Palestinian art after Darwish

In the Wake of the Poetic: Palestinian Artists after Darwish by Najat Rahman, Syracuse University Press (2015)

Perhaps inevitably, the ways in which Palestinian literature and art are thought of and written about are strongly colored by the memory and influence of the great poet Mahmoud Darwish almost a decade since his death.

Najat Rahman’s book considers how much Palestinian art has changed in the years after his death due to this influence.

Rahman’s key argument is that Palestinian cultural production – literature, painting, film, dance and music – has shifted away from a focused “literature of resistance” as articulated by the writer and activist Ghassan Kanafani, who was assassinated in an Israeli car bomb in 1972.

Instead, she suggests, recent Palestinian art demonstrates “how artists rearticulate the political in their aesthetic in the absence of true politics.” Since the failure of the Oslo peace accords in the late 1990s and the end of the second intifada, Rahman sees Palestinian artists as lacking the kind of clear political direction which, for Kanafani and his generation in the 1960s and ’70s, was provided by active resistance movements, such as the Palestine Liberation Organization.

With parties such as Fatah losing much of their credibility and organizations like the leftwing Popular Front for the Liberation of Palestine greatly declining in membership, recent artists are seen as engaging with the Palestinian struggle on themes of liberation, empowerment and solidarity – not with allegiance to a single message or the ideas of a particular faction of the national movement.

A wide influence

Rahman’s evidence lies in an examination of emerging and active artists working in such media as literature, film, music and the visual arts.

In their works, she identifies art used not as a call to arms in a focused resistance, but as a way of questioning political dominance. She views cultural production as empowering individuals through themes of “dispersion, loss, dispossession and belonging.” These allow artists to express a sense of solidarity and identification across borders – between Palestinian refugees, Palestinians living in diaspora, and those Palestinians in Gaza, the West Bank, and the state of Israel.

The various art forms are not seen as separate entities but as an interrelated field in which the poetry of Darwish is viewed as influencing other types of creativity.

The first chapter, therefore, looks at the relationship between Darwish’s work and that of later writers such as Ghassan Zaqtan, Liana Badr and Suheir Hammad. Discussing Darwish’s own treatment of themes such as exile, journey and homecoming, Rahman traces how these other artists engage with the same topics and how and where they intersect with, or diverge from, the poetics and politics of Darwish’s vision – for instance, in Zaqtan’s poetic focus on separation from his family and home.

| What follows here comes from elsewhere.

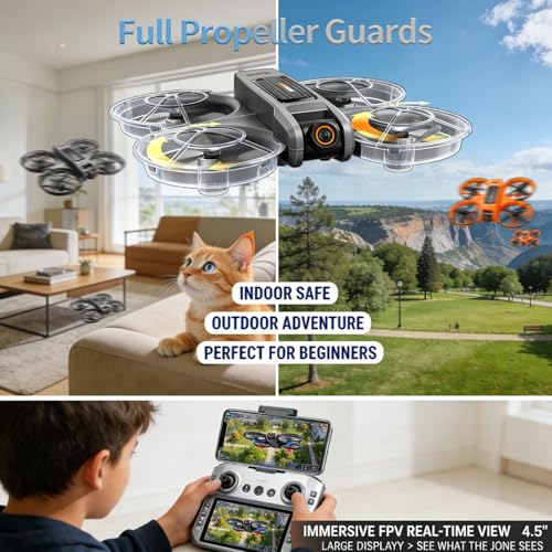 Super Stable & Safe for Total Beginners Take off and land with one button. The Optical Flow Positioning and 6-axis gyroscope ensure rock-solid hovering and easy control. Full 360° propeller guards protect both your drone and surroundings, making it perfect for indoor and outdoor practice without worry.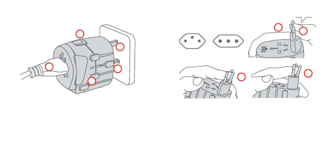 Først når alle stiftene står loddrett er adapteren klar til bruk.

The following chapters reflect a similar trajectory in other media, examining the films of Elia Suleiman, Hany Abu-Assad and Rashid Masharawi, the visual art of Mona Hatoum and Sharif Waked, the generationally shifting music of classical or folk traditions as performed by Reem Talhami, Marcel Khalife and Reem Kelani, and the rap and hip-hop of artists such as DAM and Arapeyat.

Cultural elite

As an academic book looking at often avant-garde art, some parts of In the Wake of the Poetic are dense and technical, especially the early chapters in which Rahman describes the theories behind her ideas.

Unusually for an academic text, however, Rahman focuses on contemporary, experimental artists. Darwish’s poems, she points out, were, and still are, genuinely popular among all levels of society – in “high art,” in spoken word or in songs, such as those of Lebanese star Marcel Khalife.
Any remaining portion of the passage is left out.